##### Listed entries #####

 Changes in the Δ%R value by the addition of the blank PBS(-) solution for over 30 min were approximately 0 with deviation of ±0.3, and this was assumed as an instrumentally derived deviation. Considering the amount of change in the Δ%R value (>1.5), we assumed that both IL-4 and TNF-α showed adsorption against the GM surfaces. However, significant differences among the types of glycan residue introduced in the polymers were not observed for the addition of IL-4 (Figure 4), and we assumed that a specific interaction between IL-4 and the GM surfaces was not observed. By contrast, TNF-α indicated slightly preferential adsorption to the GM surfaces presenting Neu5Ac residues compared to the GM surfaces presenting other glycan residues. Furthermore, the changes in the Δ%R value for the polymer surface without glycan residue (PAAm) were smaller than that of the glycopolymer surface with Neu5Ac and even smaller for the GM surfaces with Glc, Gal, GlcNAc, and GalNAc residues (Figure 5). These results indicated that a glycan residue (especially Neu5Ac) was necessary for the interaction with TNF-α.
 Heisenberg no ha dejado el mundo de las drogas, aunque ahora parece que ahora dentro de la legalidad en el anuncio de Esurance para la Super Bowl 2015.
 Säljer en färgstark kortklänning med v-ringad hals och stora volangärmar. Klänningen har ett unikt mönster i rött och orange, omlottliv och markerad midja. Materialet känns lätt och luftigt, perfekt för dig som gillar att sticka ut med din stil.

#####
##### Listed entries #####

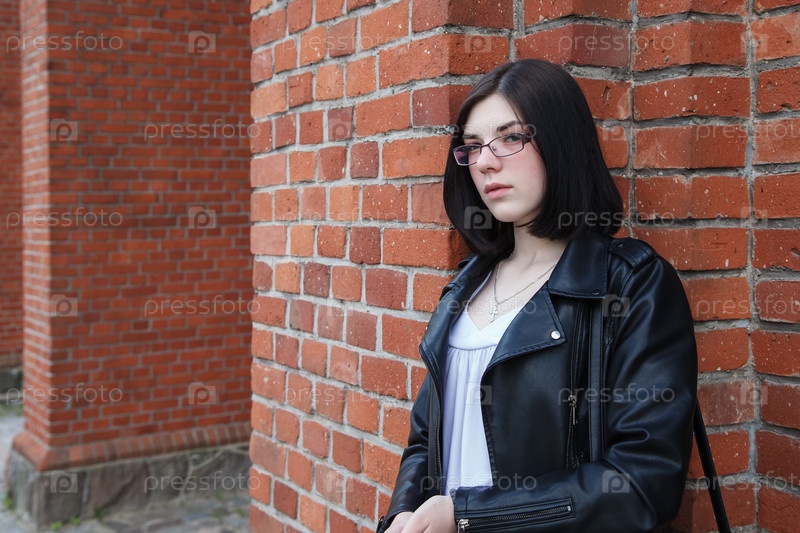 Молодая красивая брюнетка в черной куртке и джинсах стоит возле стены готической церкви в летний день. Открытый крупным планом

#####

* **Task objective**: Your task for the entries above: copy exactly the span starting with the line with "Heisenberg no ha" and going on through the line with "Säljer en färgstark", both lines included, and nothing else.

* **Solution to the problem**:
 Heisenberg no ha dejado el mundo de las drogas, aunque ahora parece que ahora dentro de la legalidad en el anuncio de Esurance para la Super Bowl 2015.
 Säljer en färgstark kortklänning med v-ringad hals och stora volangärmar. Klänningen har ett unikt mönster i rött och orange, omlottliv och markerad midja. Materialet känns lätt och luftigt, perfekt för dig som gillar att sticka ut med din stil.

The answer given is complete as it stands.